§ DATA SEGMENT
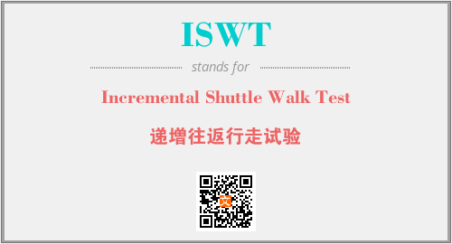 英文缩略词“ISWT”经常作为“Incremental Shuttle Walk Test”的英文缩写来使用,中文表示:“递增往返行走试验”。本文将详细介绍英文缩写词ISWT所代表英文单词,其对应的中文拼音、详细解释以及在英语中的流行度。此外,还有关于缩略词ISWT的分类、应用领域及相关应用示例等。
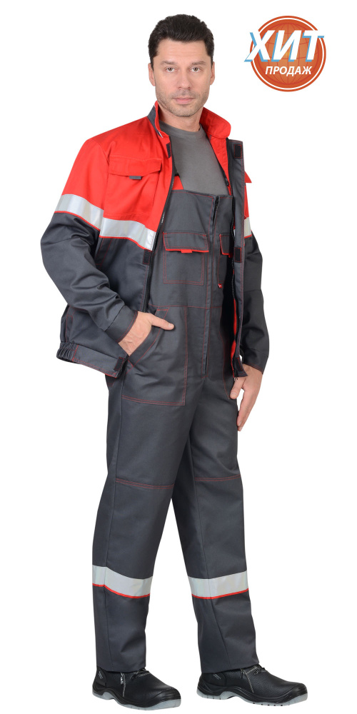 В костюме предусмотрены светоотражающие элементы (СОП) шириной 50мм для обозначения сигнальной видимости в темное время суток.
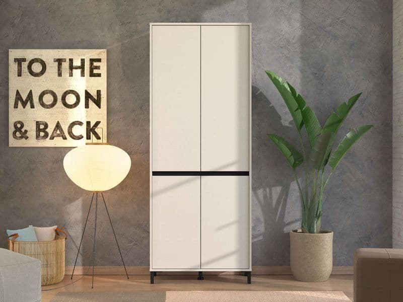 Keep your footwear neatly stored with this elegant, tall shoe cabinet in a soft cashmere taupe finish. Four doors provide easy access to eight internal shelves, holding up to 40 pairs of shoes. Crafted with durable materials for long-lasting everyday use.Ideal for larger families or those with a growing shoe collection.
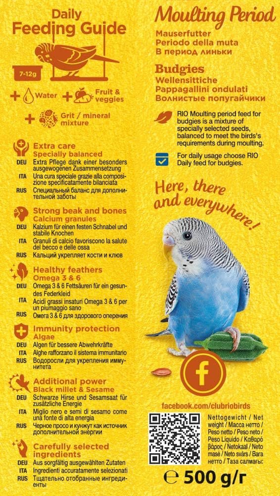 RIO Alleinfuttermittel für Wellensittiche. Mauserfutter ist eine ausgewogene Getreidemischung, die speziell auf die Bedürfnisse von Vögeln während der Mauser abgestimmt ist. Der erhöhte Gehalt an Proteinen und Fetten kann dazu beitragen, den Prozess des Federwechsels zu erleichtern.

§ YOUR ASSIGNMENT
Would you repeat the complete listing exactly, excluding each picture it holds?

§ TASK RESPONSE
 英文缩略词“ISWT”经常作为“Incremental Shuttle Walk Test”的英文缩写来使用,中文表示:“递增往返行走试验”。本文将详细介绍英文缩写词ISWT所代表英文单词,其对应的中文拼音、详细解释以及在英语中的流行度。此外,还有关于缩略词ISWT的分类、应用领域及相关应用示例等。
 В костюме предусмотрены светоотражающие элементы (СОП) шириной 50мм для обозначения сигнальной видимости в темное время суток.
 Keep your footwear neatly stored with this elegant, tall shoe cabinet in a soft cashmere taupe finish. Four doors provide easy access to eight internal shelves, holding up to 40 pairs of shoes. Crafted with durable materials for long-lasting everyday use.Ideal for larger families or those with a growing shoe collection.
 RIO Alleinfuttermittel für Wellensittiche. Mauserfutter ist eine ausgewogene Getreidemischung, die speziell auf die Bedürfnisse von Vögeln während der Mauser abgestimmt ist. Der erhöhte Gehalt an Proteinen und Fetten kann dazu beitragen, den Prozess des Federwechsels zu erleichtern.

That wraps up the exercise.